The following table describes the actions you can take from the SYSTEM page:
Sub-Category |
Description |
|---|---|
[1] Deployment |
Configure remote Triton inference server settings, connection parameters, and deployment configurations |
[2] System |
Configure system resource allocation, CPU and GPU settings, memory management, and performance optimization |
[3] Filter by Tags |
Filter and organize system settings using custom tags and labels |
[4] Save |
Save all system configuration changes |
[5] Cancel |
Cancel changes and revert to previous configuration settings |
Deployment
The Deployment sub-tab manages remote Triton inference server configurations, connection parameters, and deployment settings for your experiments.
Advanced Settings:
- Hostname of remote Triton inference server
What it does: Specifies the hostname or IP address of the remote Triton inference server
Purpose: Enables connection to remote Triton servers for model deployment and inference operations
Format: Hostname, IP address, or fully qualified domain name (FQDN)

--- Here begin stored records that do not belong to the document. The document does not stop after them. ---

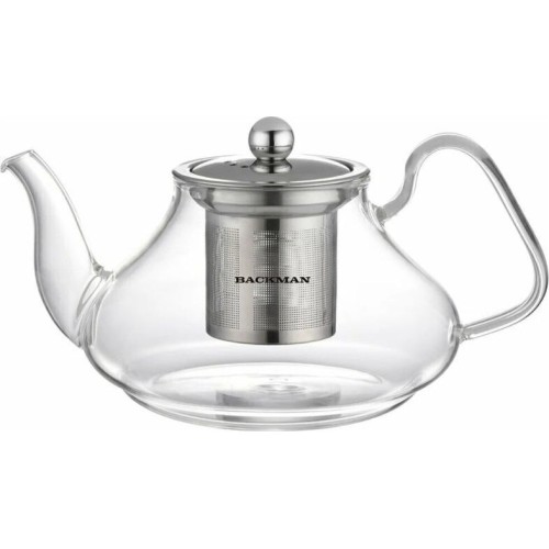 BACKMAN BM-0308 Чайник заварочный, 1000 мл, корпус из термостойкого боросиликатного стекла. Возможность использования на плите. Съемный фильтр и крышка из нержавеющей стали, не нагревающаяся ручка из стекла, подарочная упаковка.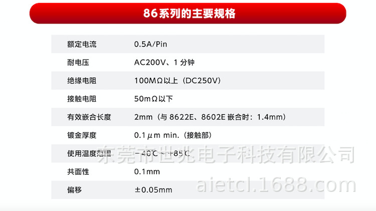 保证插拔次数500次,确保有效嵌合长度2mm,实现高接触信赖性。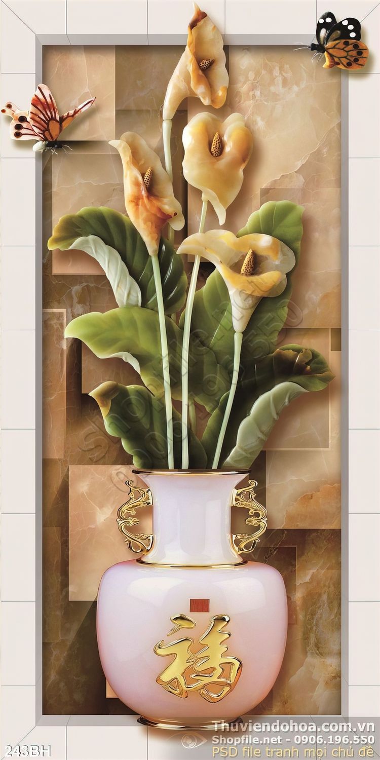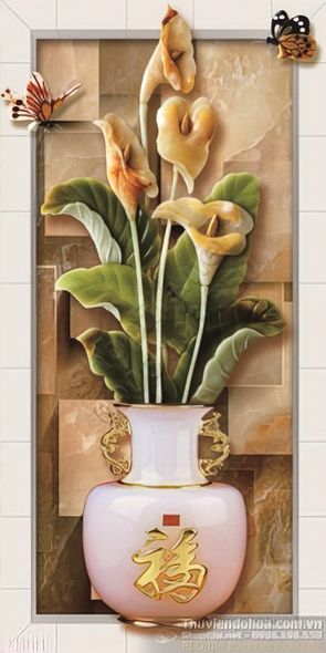 Tranh bình hoa giả ngọc ấn tượng in gạch men

Empty value: Uses local Triton server (default)
Requires: String value (default: “”)
- triton_model_repository_dir_remote
What it does: Sets the remote directory path for Triton model repository
Purpose: Specifies where model artifacts are stored on the remote Triton server
Format: Remote directory path accessible by Triton server
Use case: Required for remote model deployment and management operations
Requires: String path (default: “”)
- Remote Triton server parameters, used to connect via tritonclient
What it does: Configures connection parameters for remote Triton server communication
Purpose: Defines ports, protocols, and connection settings for Triton client communication
- Default configuration:
http-port: 8000 (HTTP API port)
grpc-port: 8001 (gRPC API port)
metrics-port: 8002 (Metrics collection port)
model-control-mode: “explicit” (Model loading control)
Format: JSON dictionary with connection parameters
Requires: JSON object (default: {“http-port”:8000,”grpc-port”:8001,”metrics-port”:8002,”model-control-mode”:”explicit”})
System
The System sub-tab configures system resource allocation, CPU and GPU settings, memory management, and performance optimization for your experiments.
Common Settings:
- Exclusive level of access to node resources
What it does: Controls the level of exclusive access to node resources during experiments
Purpose: Manages resource contention and ensures consistent performance
- Available options:
safe: Assumes other experiments might be running on the same node (default)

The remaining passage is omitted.